The Cartan decomposition gives a bijective map $$ X_*(T)^+\cong K\backslash G/K $$ given by $\lambda \mapsto K\lambda(\pi^{-1}) K$, where $\pi$ is a uniformizer in $F$. The Iwasawa decomposition gives a bijective map $$ X_*(T)\cong U\backslash G/K $$ given by $\mu\mapsto U\mu(\pi^{-1})K$.

I am interested in what happens when $K\lambda(\pi^{-1})K\cap U\mu(\pi^{-1})K \neq \varnothing$. What is well-known is that $\lambda -\mu$ is a sum of positive coroots.

My question is: What can be said about the $u\in U$ with $u\mu(\pi^{-1}) \in K \lambda(\pi^{-1})K$?

More precisely, the root groups $U_\alpha$, associated to $\alpha\in \Phi$, carry a valuation $\varphi_\alpha\colon U_\alpha\setminus\{1\} \to \mathbb R$ such that $\varphi = (\varphi_\alpha)_{\alpha\in\Phi}$ is a discrete and special valuation (in the sense of Bruhat–Tits) on the root group datum $(T,(U_\alpha)_{\alpha\in \Phi})$ on $G$ that is compatible with the valuation on $F$. Writing $u = u_{\alpha_1}\dotsm u_{\alpha_r}$ with $\alpha_i\in \Phi^+$, do we get a lower bound for $\varphi_{\alpha_i}(u_{\alpha_i})$?


Here are my thoughts on this problem, so far:

If $\Phi$ is irreducible and $\alpha_0$ is its highest root (with respect to $\Phi^+$), I suspect that $$ \varphi_{\alpha_i}(u_{\alpha_i}) \ge -\langle \alpha_0, \lambda\rangle, \quad \text{for all $i$.} $$ This is not too hard to verify for $\GL_n(F)$. [There, in fact, we even have $\val(u_{\alpha_{ij}}) \ge -m_j$, where $\mu(\pi^{-1}) = \diag(\pi^{m_1},\dotsc, \pi^{m_n})$, where we identify the root group $U_{\alpha_{ij}}$, sitting in the $(i,j)$-th spot, with $F$.]

One can get a more precise estimate in the case $u\in U_\alpha$ as follows: We may assume $\varphi_\alpha(u) < \min\{0, -\langle \alpha,\mu\rangle\}$ for otherwise we would have $u\in K$ or $\mu(\pi^{-1})^{-1}u\mu(\pi^{-1}) \in K$ in which case $\mu$ lies in the $W$-orbit of $\lambda$. There exist (unique) $u',u''\in U_{-\alpha}$ such that $u'uu''$ normalizes $T$. [Geometrically, $u'uu''$ is the reflection (in the apartment corresponding to $T$) in the hyperplane bounding the half-apartment fixed by $u$.] We have $\varphi_{-\alpha}(u') = \varphi_{-\alpha}(u'') = -\varphi_{\alpha}(u)$ and hence $\mu(\pi^{-1})^{-1}u''\mu(\pi^{-1}) \in K$. Thus, we may replace $u\mu(\pi^{-1})$ by $u'uu'' \mu(\pi^{-1})$ without changing either of the double cosets.
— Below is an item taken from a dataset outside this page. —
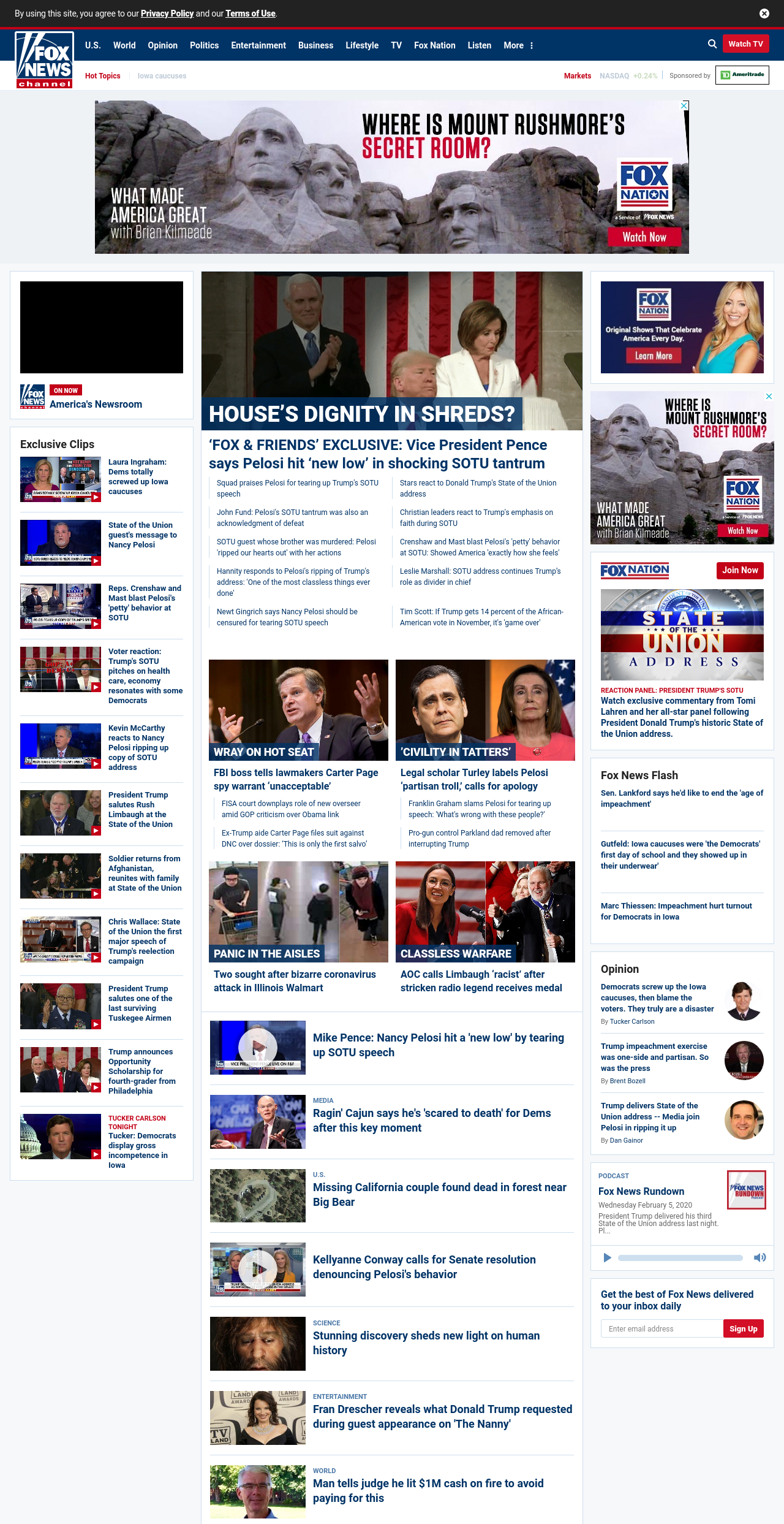 FN: [[HOUSE’S DIGNITY IN SHREDS?]] ‘FOX & FRIENDS’ EXCLUSIVE: Vice President Pence says Pelosi hit ‘new low’ in shocking SOTU tantrum ((lubuntu at wor1))
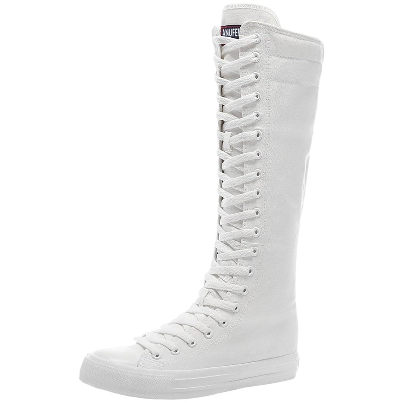 ANUFER Girls Women Fashion Canvas Knee Boots Pure White Zip Dance Boots SN811 US8.5

Computing inside the apartment (with the valuation $\varphi$ taken as the origin), we see that $$ u'uu''\mu(\pi^{-1})(\varphi) = \varphi + \mu(\pi^{-1}) - (\langle \alpha, \mu\rangle + \varphi_\alpha(u))\alpha^\vee $$ lies inside the convex hull of the $W$-orbit of $\lambda(\pi^{-1})(\varphi)$. From this, we deduce $-\langle \alpha,\mu\rangle -2\varphi_\alpha(u) = \langle \alpha, \mu(\pi^{-1}) - (\langle \alpha,\mu\rangle + \varphi_\alpha(u)) \alpha^\vee\rangle \le \langle \alpha_0,\lambda\rangle$ and hence $$ \varphi_\alpha(u) \ge -\frac{\langle \alpha_0,\lambda\rangle + \langle \alpha, \mu\rangle}{2}. $$ Unfortunately, I was unable to generalize this argument to arbitrary $u\in U$, because the occuring commutators (possibly) destroy any information of the $u_{\alpha}$'s.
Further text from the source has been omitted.